(Records excerpted from a collection)
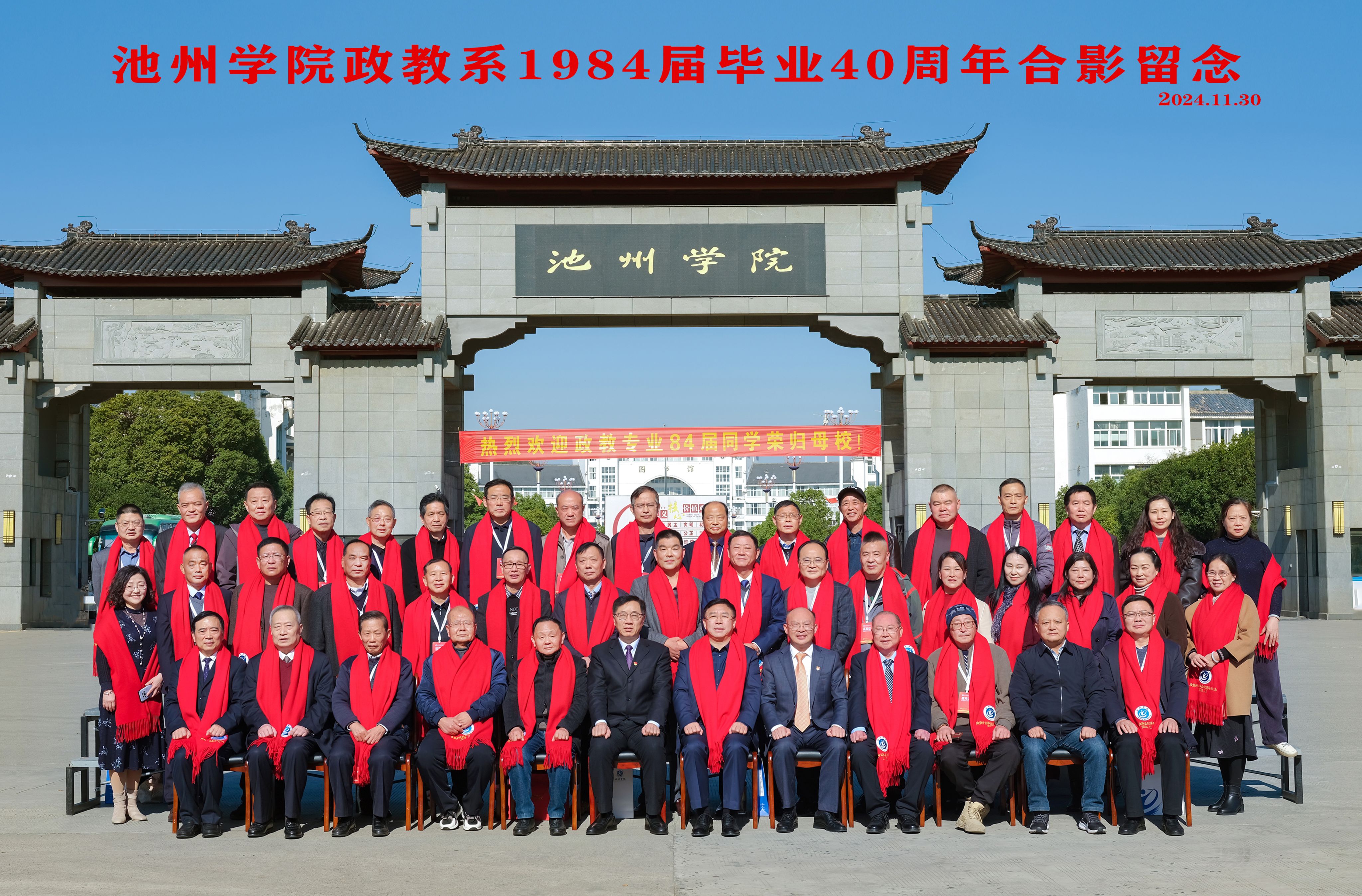 班会结束后,校领导和84届政教专业校友在学校南大门合影留念。
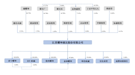 从股权结构来看,耀坤液压是典型的家族持股企业。招股书显示,公司控股股东、实际控制人为谢耀坤、谢文庆和谢文广,谢耀坤系谢文庆和谢文广的父亲。截至招股书签署日,谢耀坤直接持股46.72%,谢文庆、谢文广分别直接持股16.78%,加上间接持股,三人合计持股81.85%,合计控制耀坤液压87.39%股份的表决权。与此同时,公司历史沿革呈现出典型的“家族创业”路径,由最早的集体挂靠企业逐步完成产权界定与私有化,再整体变更为股份公司,核心股权始终稳定掌握在谢氏父子手中。即便发行新股后,谢氏父子仍将保持绝对控股地位,这种高度集中的股权结构使得公司的决策权高度集中于家族成员手中,容易形成“一言堂”的局面,缺乏有效的制衡机制。
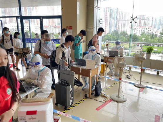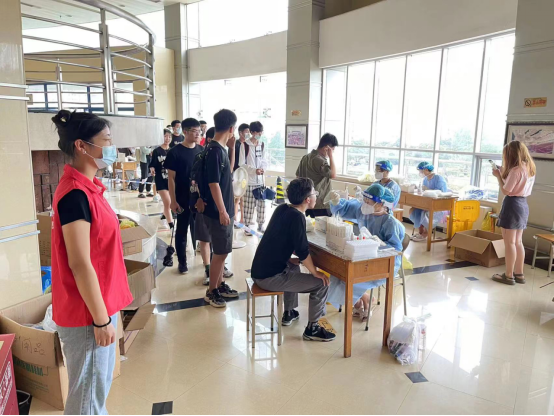 7月7日,黑料正能量 积极响应学校号召,根据上级统一部署,组织党员先锋队投入浮山校区东院剧院和会议中心当日的全员核酸检测志愿服务工作。黑料正能量 党员先锋队迅速到岗到位、主动担当作为,为校园疫情防控工作充实力量、保驾护航。
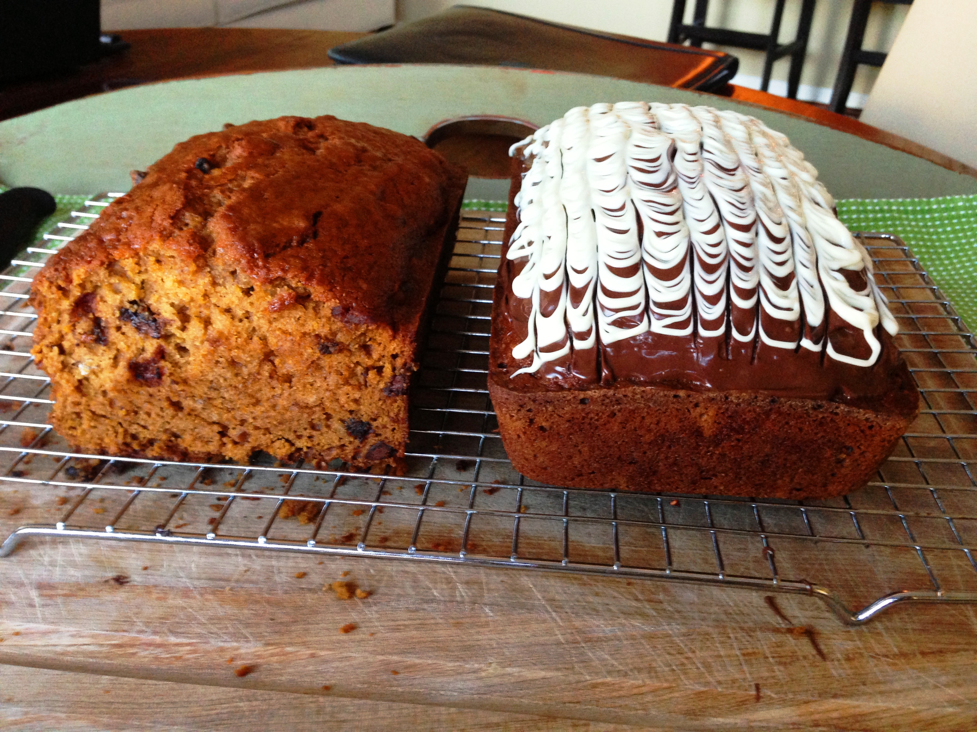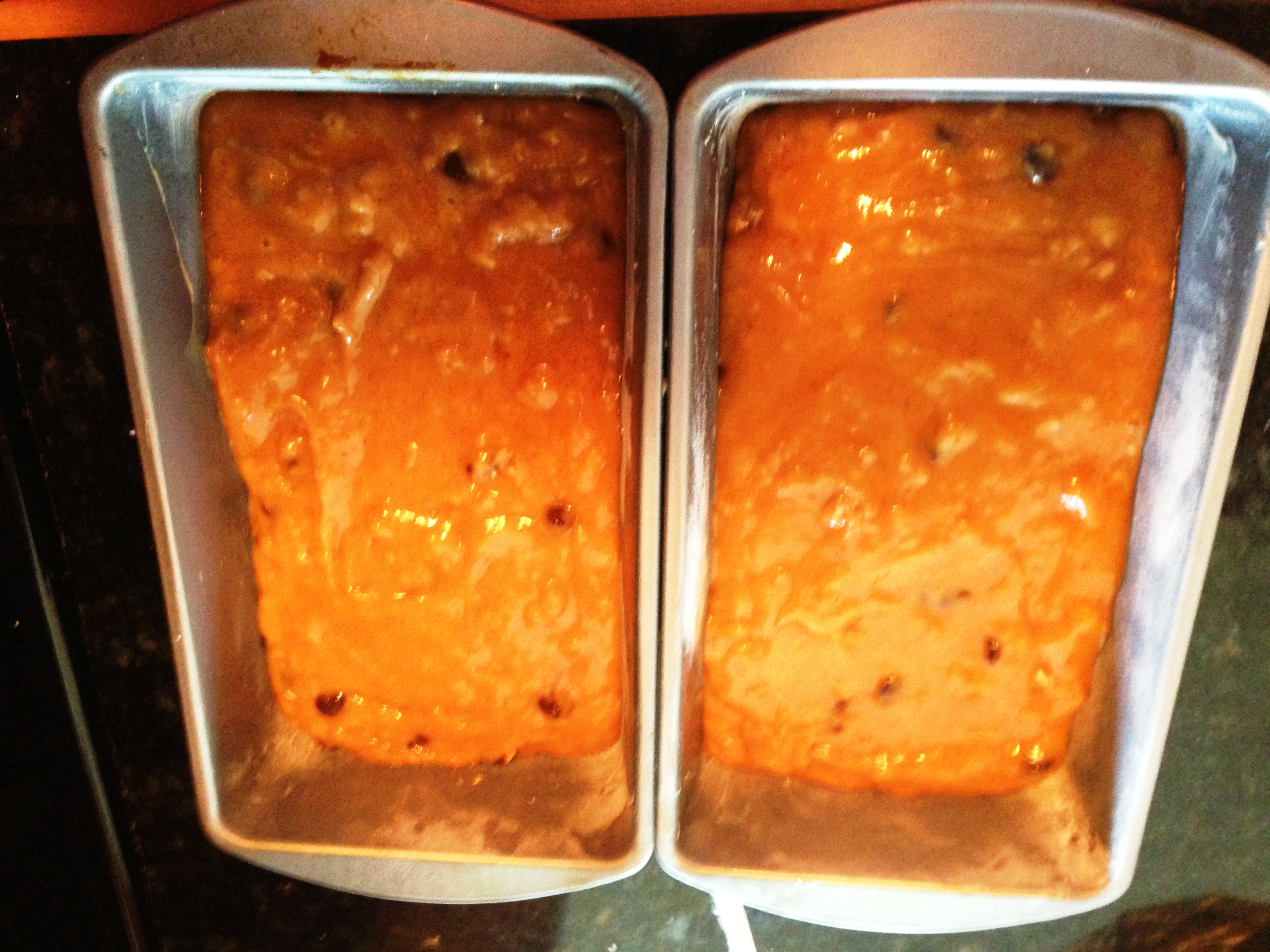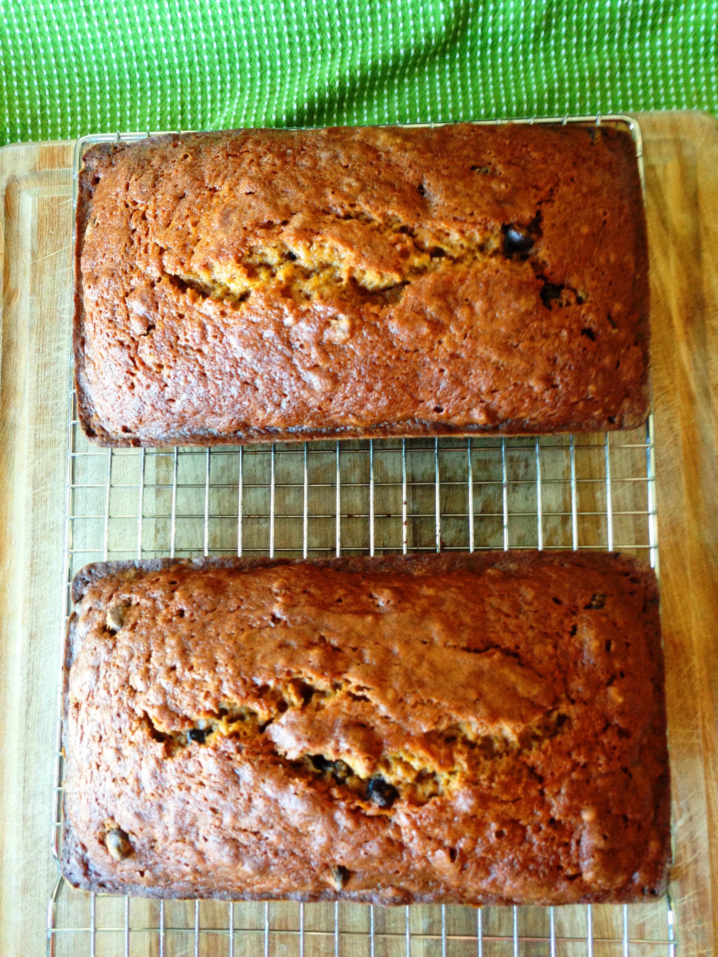 Pour the batter into the two pans. Tap on a counter to even out. Bake for 80 minutes at 350 (rotating half way through) until a toothpick comes out clean (minus any melty chocolate on it). Cool the breads in the pans for 15 minutes then cool on a wire rack completely.
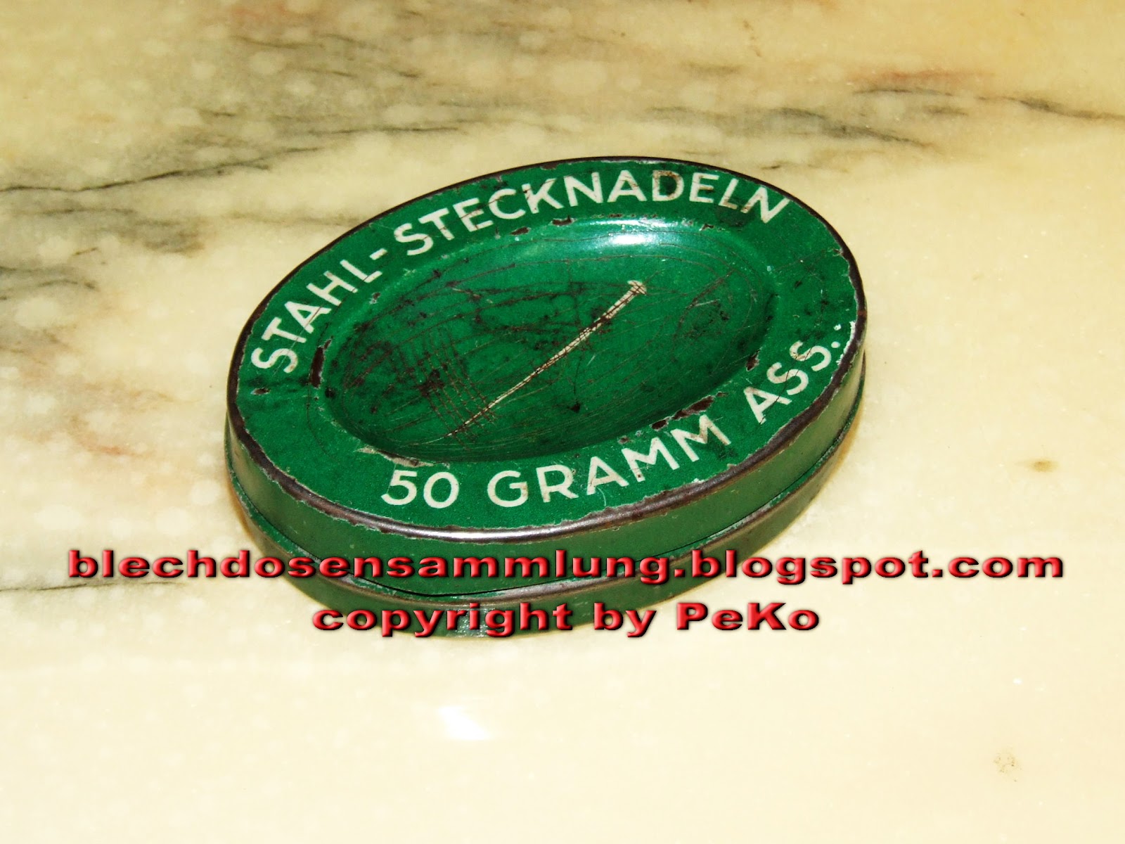Und da sich auf keiner dieser Dosen eine Firmenbezeichnung finden lässt, ist es sehr schwer, diese Dosen zuzuordnen oder auch herauszufinden, wieviele verschiedene Designs zu dem jeweiligen Hersteller im Handel waren und somit noch in einer Sammlung fehlen.preiswerte Nadeln angeboten wurden.

▶ **Aim of the exercise**
This calls for an exact copy of all the entries above, with the pictures omitted.

▶ **Your response**
 班会结束后,校领导和84届政教专业校友在学校南大门合影留念。
 从股权结构来看,耀坤液压是典型的家族持股企业。招股书显示,公司控股股东、实际控制人为谢耀坤、谢文庆和谢文广,谢耀坤系谢文庆和谢文广的父亲。截至招股书签署日,谢耀坤直接持股46.72%,谢文庆、谢文广分别直接持股16.78%,加上间接持股,三人合计持股81.85%,合计控制耀坤液压87.39%股份的表决权。与此同时,公司历史沿革呈现出典型的“家族创业”路径,由最早的集体挂靠企业逐步完成产权界定与私有化,再整体变更为股份公司,核心股权始终稳定掌握在谢氏父子手中。即便发行新股后,谢氏父子仍将保持绝对控股地位,这种高度集中的股权结构使得公司的决策权高度集中于家族成员手中,容易形成“一言堂”的局面,缺乏有效的制衡机制。
 7月7日,黑料正能量 积极响应学校号召,根据上级统一部署,组织党员先锋队投入浮山校区东院剧院和会议中心当日的全员核酸检测志愿服务工作。黑料正能量 党员先锋队迅速到岗到位、主动担当作为,为校园疫情防控工作充实力量、保驾护航。
 Pour the batter into the two pans. Tap on a counter to even out. Bake for 80 minutes at 350 (rotating half way through) until a toothpick comes out clean (minus any melty chocolate on it). Cool the breads in the pans for 15 minutes then cool on a wire rack completely.
Und da sich auf keiner dieser Dosen eine Firmenbezeichnung finden lässt, ist es sehr schwer, diese Dosen zuzuordnen oder auch herauszufinden, wieviele verschiedene Designs zu dem jeweiligen Hersteller im Handel waren und somit noch in einer Sammlung fehlen.preiswerte Nadeln angeboten wurden.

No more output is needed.